私が一生をかけて極めようとしている弓道について、日々の気づきを積み重ねていくブログ

角見と詰合いは表裏一体 二.

2009年06月18日 | 極意探求
では、詰合いと角見の関係とはいったいどういうものなのだろうか?

正面打起しの場合で具体的に考えてみよう。

正面打起しの場合、手の内の完成は大三の完成と同時に行われる。すなわち、打起した後、大三に向け弓手を開いていくのと同時に、円相をなしていた弓手の手首を腕の中筋に対してまっすぐに伸ばしていく。

そして、大三の完成した時点で、手首は腕に対しまっすぐ延長線上にあり、手指もまた、まっすぐに張り伸ばされている(「朝顔の手」参照)。

これが大三における手の内の完成である。(したがってこの時点では天文筋と弓とがまっすぐにはならないことに注意。まっすぐにするには手首を曲げる必要がある※)

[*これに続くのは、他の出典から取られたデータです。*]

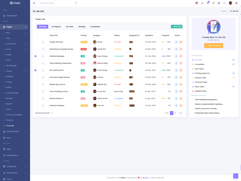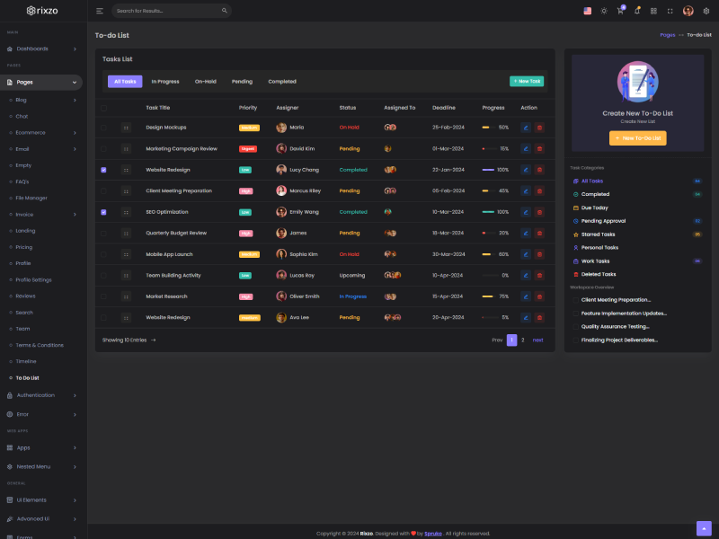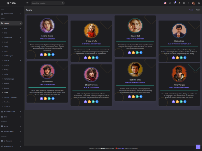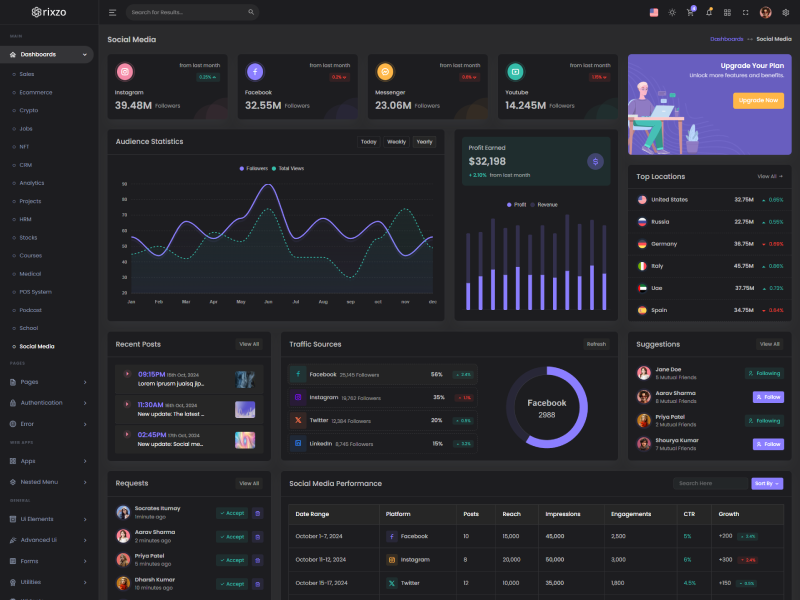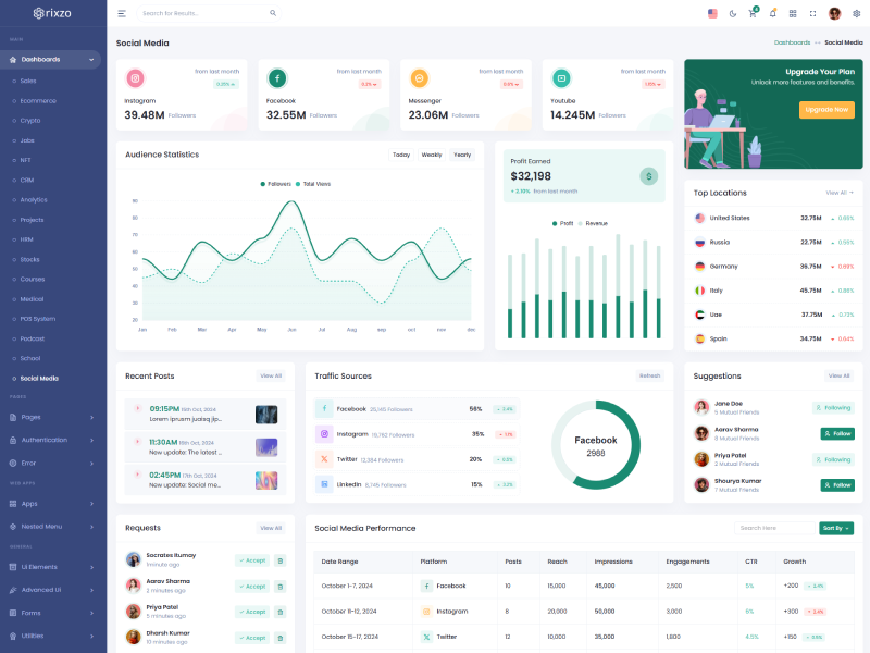 Rixzo - Premium NextJs App-Router Typescript React Bootstrap Admin & Dashboard Template boasts essential features such as design quality, compatibility with your front-end framework, responsiveness, ease of customization, comprehensive documentation, and dedicated support. Additionally, it includes integrated plugins and other supplementary features.

そして、ここから引分け、会、離れに至っては、手の内を崩すことも、手首を曲げることも許されない。つまり、大三でまっすぐに詰め合った弓手(手の内を含め)は、残身に至るまで全く形を変えないということである。

では、なぜこれで角見が利くのであろうか?これには角度と弓力(弾性)が関係している。

まず、角度については、身体の真上から見たとき、両肩のラインを0度とする。そうすると、打起しのとき弓手の角度は90度に近く、残身のとき0度である。

大三のときで弓手はおそらく30度くらい、そこから会に近づくにつれ、角度は段々小さくなっていく。

一方、弓と弦は、真上から見たとき肩のラインと並行に移動し続けるので、弓手との角度はまた30度(大三から会までで)ほどの変化が起こる。

この角度の変化が、手の内の中で「ねじれ」という圧を生む。

もう一つ、大事な要素が弓力(弾性)である。これは単純で、大三から会、離れに至るまで、つまり弓を開けば開くほど戻ろうとする力が高まる。したがって手の内に掛かる弓の圧力は増し続ける。(手の内に力を込めずとも!)

これらの二つの圧、すなわち「ねじれの圧」と「弓力の圧」が詰め合った手の内の角見に結集され、「角見が利く」ということになるのだ。(正確には、ねじれの圧を弓力の圧で抑え高めるということ)

したがって、角見を利かせる上で最も大事なことは、弓力の圧に負けない詰合いの強固さであり、ねじれの圧を逃がさないために無限に続く伸合いである。


※天文筋を弓に合わせることを重視し、手首を上押し気味に曲げて大三を取ると、それ以降、引分けの間に手首を腕に対してまっすぐに直すことは非常に困難になる(弓力の圧が増し、上押しを続けなければ緩んでしまうため)。したがって、この場合、ほとんど会では上押しとなる。